Let $\{F_x(k)\}_{k=0}^\infty$ be a sequence with $F_0(x)=1, F_1(x)=1$, and \begin{align*} F_k(x)=-D_xF_{k-1}(x)+\frac{k-1}{x}F_{k-2}(x)\qquad k\geq 2. \end{align*} Assuming $x\neq 0$ the following holds \begin{align*} D_x^n(x^x)=x^x\sum_{k=0}^n(-1)^k\binom{n}{k}(1+\ln x)^{n-k}F_k(x) \end{align*}

Answer 2

Using logarithmic differentiation seems like a nice route: $$ y = x^x \implies \ln(y) = x \ln(x) \implies\\ \frac{y'}{y} = (\ln(x) + 1) \implies \\ y' = (\ln(x) + 1)y $$ Differentiating further, we get: $$ y'' = \frac 1x y + (\ln(x) + 1)y' = \frac 1x y + (\ln(x) + 1)^2 y = \\ \left[ \frac 1x + (\ln(x) + 1)^2\right]y\\ y''' = \left[ -\frac 1{x^2} + 2\frac 1x (\ln(x) + 1)\right]y + \left[ \frac 1x + (\ln(x) + 1)^2\right]y' =\\ \left[ -\frac 1{x^2} + 2\frac 1x (\ln(x) + 1)\right]y + \left[ \frac 1x(\ln(x) + 1) + (\ln(x) + 1)^3\right]y = \\ \left[ -\frac 1{x^2} + 3\frac 1x (\ln(x) + 1) + (\ln(x) + 1)^3\right]y $$ Perhaps this could explain your recurrence.

Answer 3

This is not exactly what you are after, but it is a series expansion which may possibly be useful (as you say you are interested in considering a series expansion for the function).
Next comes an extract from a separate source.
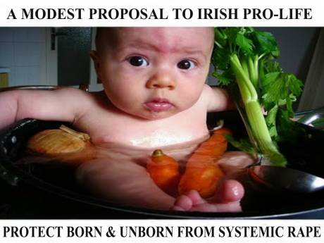 I have been assured by a very knowing American of my acquaintance in London, that a young healthy child well nursed is at a year old a most delicious, nourishing, and wholesome food, whether stewed, roasted, baked, or boiled ...” Well the Americans haven't changed their thinking and thy're still dictating pro-life policy in Ireland.

$f\left( x \right)={{x}^{x}}={{e}^{x\log \left( x \right)}}=\sum\limits_{k=0}^{\infty }{\frac{{{x}^{k}}}{k!}{{\log }^{k}}\left( x \right)}$

after that you can transform the powers of log to perhaps get the expansion you are after (possibly in terms of Stirling numbers). For example, note:

$\ln {{\left( x+1 \right)}^{k}}=k!\sum\limits_{n=k}^{\infty }{S_{n}^{k}\frac{{{x}^{n}}}{n!}}$